Cientos de personas de todos los colores imaginables, con distintos acentos y atuendos y con el firme propósito de mejorar el mundo, no bastan para frenar el calentamiento global.

Así fue el ambiente que se vivió en Bonn, ciudad alemana que hasta el viernes recién pasado fue la sede de una ronda de negociaciones entre los países que buscan generar un nuevo acuerdo internacional que releve al Protocolo de Kyoto cuando éste llegue a su fin en 2012.

Los ánimos, dado el fracaso de esta misma idea en la convención COP15 de Copenhague el año pasado, a poco de comenzar las reuniones ya estaban bajos. La incertidumbre y el pesimismo se instalaron por la extrema lentitud de las negociaciones que, a juicio del saliente secretario de la ONU para Cambio Climático, Yvo de Boer, no necesariamente terminarían en acciones claras y contundentes. "No veo al proceso entregando objetivos de mitigación suficientes en la próxima década", dijo para referirse a la ausencia de metas concretas en la reducción de emisiones de gases de efecto invernadero.

Y no se equivocó, por lo menos en lo que a esta reunión se refiere. La conferencia climática de Naciones Unidas (ONU) en Bonn finalizó el viernes sin que se pudiera lograr ningún avance significativo para alcanzar un nuevo acuerdo que ayude a frenar el cambio climático.

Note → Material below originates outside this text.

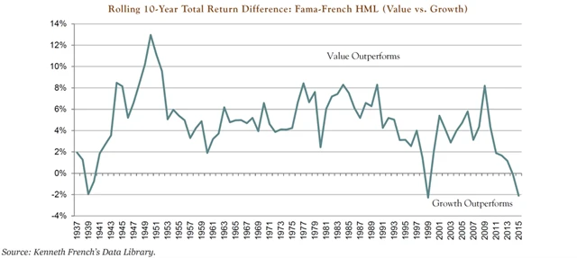 Podle grafu níže se může zdát, že je hodnotový přístup dlouhodobě mnohem výhodnější než ten růstový. 10leté klouzavé výnosy hodnotových a růstových titulů od roku 1930 ukazují, že v 90 % případů hodnotové akcie překonávají ty růstové. Pro investora by ale měla být důležitější právě ta období, kdy růstové akcie překonávají ty hodnotové. V takových časech se totiž ukáže, zda hodnotový investor věří své strategii, nebo se nechá rozhodit relativními výsledky.

Los cerca de 4.500 negociadores de todo el mundo que se dieron cita en esa ciudad alemana en las dos últimas semanas no mostraron señales de cambio ni fueron capaces de determinar nuevos objetivos medioambientales vinculantes.

Al término de las negociaciones se presentó un nuevo borrador, pero, además de que es muy controvertido, no ha sido aprobado. En el nuevo boceto que se mostró el viernes sólo se dice que las emisiones globales se tienen que reducir del 50 al 85% hasta 2050 en comparación con los niveles de 1990. Los países industrializados han de garantizar una reducción de entre el 80 y el 95%, y hasta 2020 tienen que llegar del 25 al 40%, aunque la base desde la que se mide aún está abierta.

Sin China ni EE.UU.

El mayor problema para que surja un nuevo acuerdo como el de Kyoto (con compromisos de reducción de las emisiones contaminantes) es que algunos países como Estados Unidos y China, que son los más grandes emisores de gases en el mundo, no están disponibles para hacer un compromiso de esas características.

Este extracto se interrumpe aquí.